Media Contact: Cynthia Peters
(909) 621-8515 | cynthia.peters@pomona.edu

Other Information For the Media
 
Pomona College Physics Professor Leads Kids on Adventure in Magnification: Garden Bugs from normal to 100,000 times bigger

 
David Tanenbaum, a Pomona College physics professor, will introduce 20 kindergarten and first-grade students through the world of magnification on Monday, May 24 (from 10:30-11:45 a.m.) and Thursday, May 28, from 10:30 – 11:45 a.m.

The adventure begins on Tuesday, when Professor Tanenbaum will travel to their world, visiting Sycamore Elementary School (225 W. Eighth Street, Claremont), to lead Caroline Lee’s mixed kindergarten and first-grade class from what they can see with their naked eye (1x) through the changes to every day objects when magnified five times, 200 times and even 100,000 times. The goal explains Tanenbaum “is to show the kids just how exciting, fun, and interesting science can be.”

Tuesday, the kindergartners and first-graders will search their garden for study samples (petals, leaves, dirt, bugs, sticks, etc.) as well as other things they see everyday. “I want to encourage them to explore a bit... I’ll read a bit from a few books to give them some ideas, but I won’t ask them to find specific things,” says Tanenbaum.
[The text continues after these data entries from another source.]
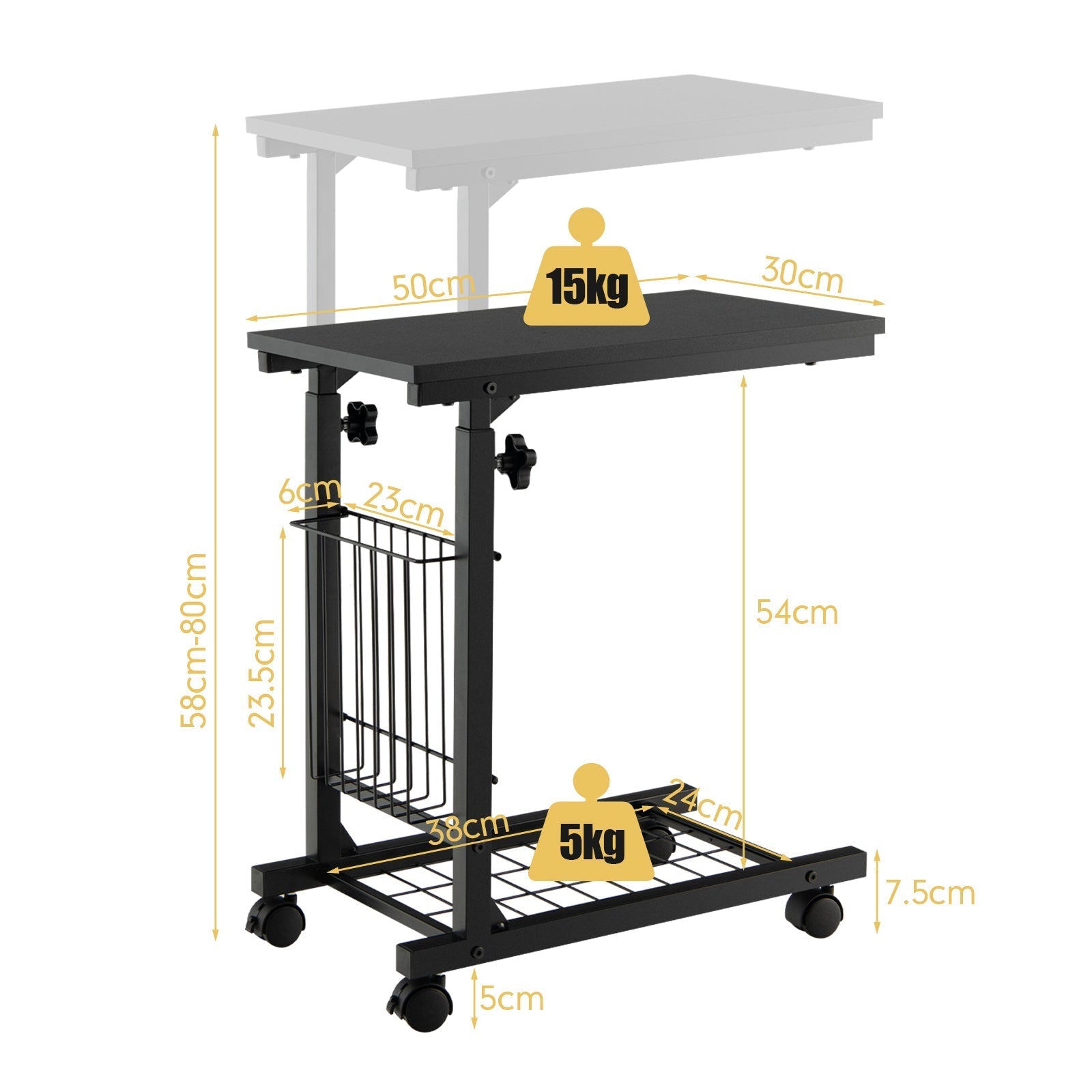 A good assistant for your working, studying or any other activities! Unique c-shape design is easy to insert the table into the bottom of the sofa or bed. The tabletop is spacious enough to put necessary office supplies. The combination of storage basket and bottom mesh storage shelf gives your more space to store daily items. Moreover, you can simply turn the knob to adjust your desired height. For great mobility and convenient use, the flexible casters make moving the sofa side table easier from one place to another. Whether used in the living room, bedroom and office, this c-shape end table will undoubtedly be an ideal choice. User-friendly C-shape Design: For the purpose of saving more space and flexible usage, the c-shape side table is smartly made to be placed in any small space and works equally well near the bed or sofa. You can tuck the table into the bottom of the sofa or bed to keep everything you need within arm's reach. Flexible Height Adjustment: This c-shape end table features an ergonomic height adjustable design, providing you with a new working environment to achieve optimal comfort. Through adjustable knobs, the couch table can be easily adjusted from 58cm to 80cm based on individual requirements. Reasonable Division of Storage Space: Durable tabletop facilitates the placement of a variety of daily items, such as cups, books and laptop, etc. In addition, the storage basket and bottom mesh storage shelf enlarge storage space for daily items and free up more table space, helping you keep a neat living space. Stable Structure and Easy Movement: In addition to the thick MDF, this laptop table is made of power-coated steel frame that features great sturdiness and long-lasting performance. It is equipped with 4 casters for flexible movement which can realize 360-degree swivel without noise. Two wheels with brakes are designed for higher stability. Rustic/Modern Style for Versatile Use: Vintage wood surface and black metal frame integrate (/Simple and modern design integrates) perfectly with interior decorations and add refined sensation to your home. Additionally, this side table is an ideal choice for living room, bedroom and office, whether used as a overbed table, laptop table, couch table and snack table, etc.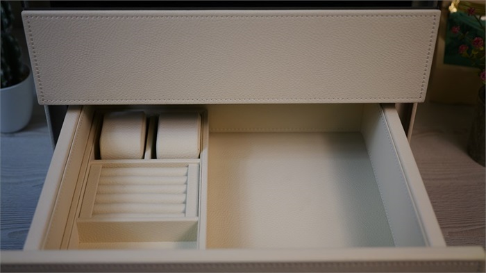 Два выдвижных отделения, внутри одного есть съемный лоток для размещения ювелирных украшений. Лоток имеет мягкое внутреннее наполнение, которое обеспечивает дополнительную защиту украшений от царапин и повреждений.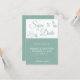 Elégant et romantique Enregistrer la carte Date avec une belle et délicate menthe vert orchidées design en haut, sur un arrière - plan blanc classe. La partie inférieure est facilement personnalisable en éditant les champs de modèle avec vos noms, date et emplacement dans une police tout-casquette blanche moderne et simple sur un arrière - plan vert simple. Pour plus de personnalisation ou des commandes personnalisées, n'hésitez pas à me contacter à acherryonthecake@hotmail.com (veuillez prévoir 1-2 jours ouvrables). Cette carte Save the Date fait partie de la collection "Delicate Orchids - Mint Green mariage suite" avec de nombreux éléments de coordination pour créer une suite mariage unique.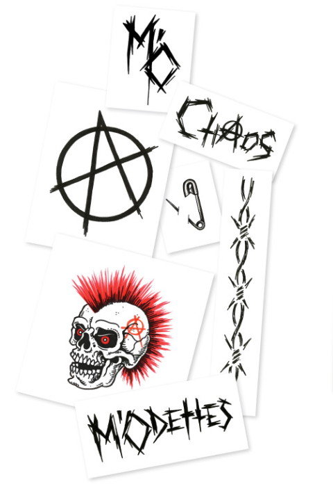 [Probably my favorite of them all: these completely idiotic fake tattoos. There are so many issues, the main one being: What’s with appropriating the Mo-dettes? Also, that ugly mohawked clip-art skull thing is the best. $95.]

Then using 5x hand loupes, like to those used by jewelers, they’ll examine their samples from bugs and leaves to the woven fibers in fabric, or paper. “I’ll ask them to describe what they see in the form of an analogy, like ‘the scales on the plant looks like a staircase,’ ‘the paper looks like a bumpy wall,’ or maybe "my finger print looks like the rings of a cut tree.’…I also plan to do a simple exercise in defining the magnification of an object with the video microscope which can magnify things anywhere from 6x to 600x.”

On Thursday, the group of about 20 children will travel to Pomona College’s Millikan Laboratory building too see what some of their samples look like magnified up to 100,000x by the college’s Field Emission Scanning Electron Microscope (FE-SEM), which arrived on campus only last month. “I am excited to see what kinds of samples the students will find and to show them how much more detail they can see under the microscope. Microscopy is easy to understand, even at their level.” says Tanenbaum.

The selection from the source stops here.